A few weeks ago my wife and me visited the National Library of Spain in a guided tour. It was quite boring – that’s not been a big surprise. But one thing caught my attention. It was exciting to come to know how they organize their vast collection. One would expect that they order the books and other media by release date, genre or author. But what they actually do because of the limited space in the historic building is to sort them by physical size!
Real-world file systems
They then use paper files to find a book by author, date or other categories. Library staff locates the desired item in a shelf or drawer identified by a unique number. Of course most of this file system is already computerized.
In many other libraries, however, classification and the media’s physical location are somehow mixed up. Usually there are designated book shelfs or departments for specific genres (e.g. biographies, sci-fi,…) and within these shelfs the books are ordered by the authors’ surnames. This system has a trivial downside: one given book can only be at one location at the same time. What if a book combines two genres?
Some computer programs even more old-fashioned
A similar problem occurs in traditional computer applications. In Microsoft’s Outlook for example emails are organized in folders. You can define your own folders, besides the default folders like “Inbox”, “Sent” and “Outbox”. However one Email can’t be in “Inbox”, “Things to do” and a folder named “Related to my blog” at the same time.
One way to overcome this problem is the concept of tagging. Instead of dividing the data into folders, all items reside in the same big pool just like in the National Library. You can then organize the data items by attaching certain indexed tags to them. GMail is one example of this concept. Google’s web-based alternative to Outlook maintains the familiar concept of “Inbox” and “Outbox”, but those are just another tags–or “labels” as Google calls them. You can easily list all Emails with a given tag. The crucial difference between folders and tags is that an email can have as many tags as you want, but must stay in only one folder.

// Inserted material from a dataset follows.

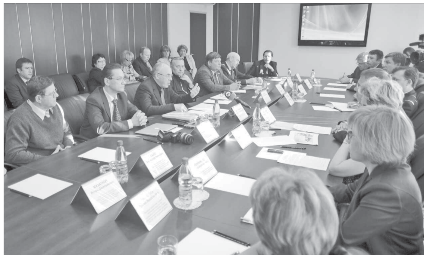
На заседании общественного совета обсудили экологический опыт "Норильского никеля"

Ежемесячно в газете "Заполярный вестник" и еженедельно в ТРК "Северный город" выходит "Экологический вестник" с информацией о качестве атмосферного воздуха в Норильске. По сравнению с 2006 годом в 2010 году суммарное время загрязнения Норильска снизилось в два раза (на 49,5%), время без загрязнения увеличилось на 18,6%.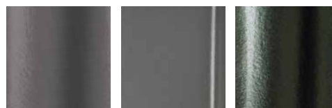
platynowo-szara karbonowo-szara łupek

Many modern desktop and web applications follow the same concept. Apple’s applications iTunes and iPhoto, for example, hide the physical location of the data records they manage (songs, videos and photos) from the user and organize them in Playlists or Galleries. This blog itself is on the forefront of modern web development, too! The tabs you see on the top (“Jazz”, “Technology”…). If I came up with a post that covered an intersection of both topics (and I surely will), it would be listed under both topics.
Taking it a step further: Tag-based Filesystems?
Here is something I find worth thinking about: are all common filesystems outdated because they use inflexible hierarchical folder structures? I know, Unix-like Operating Systems have hard-links that can serve as a work-around for having one file at two different directory locations. But that’s kind of clunky, isn’t it? Will there ever be a real tag-based filesystem, where files can have multiple tags instead of been trapped in a folder?
Such a filesystem could supersede all these iTunes and Windows Media Player programs together with their respective ideas of reinventing the way how files are organized.
What do you think? Would that make sense?
Image source: Antonio Garro


What I also found quite cool is that the Library also archives all published “sound documents”, which means LPs, cassettes, CDs, CD-ROMs, videos…..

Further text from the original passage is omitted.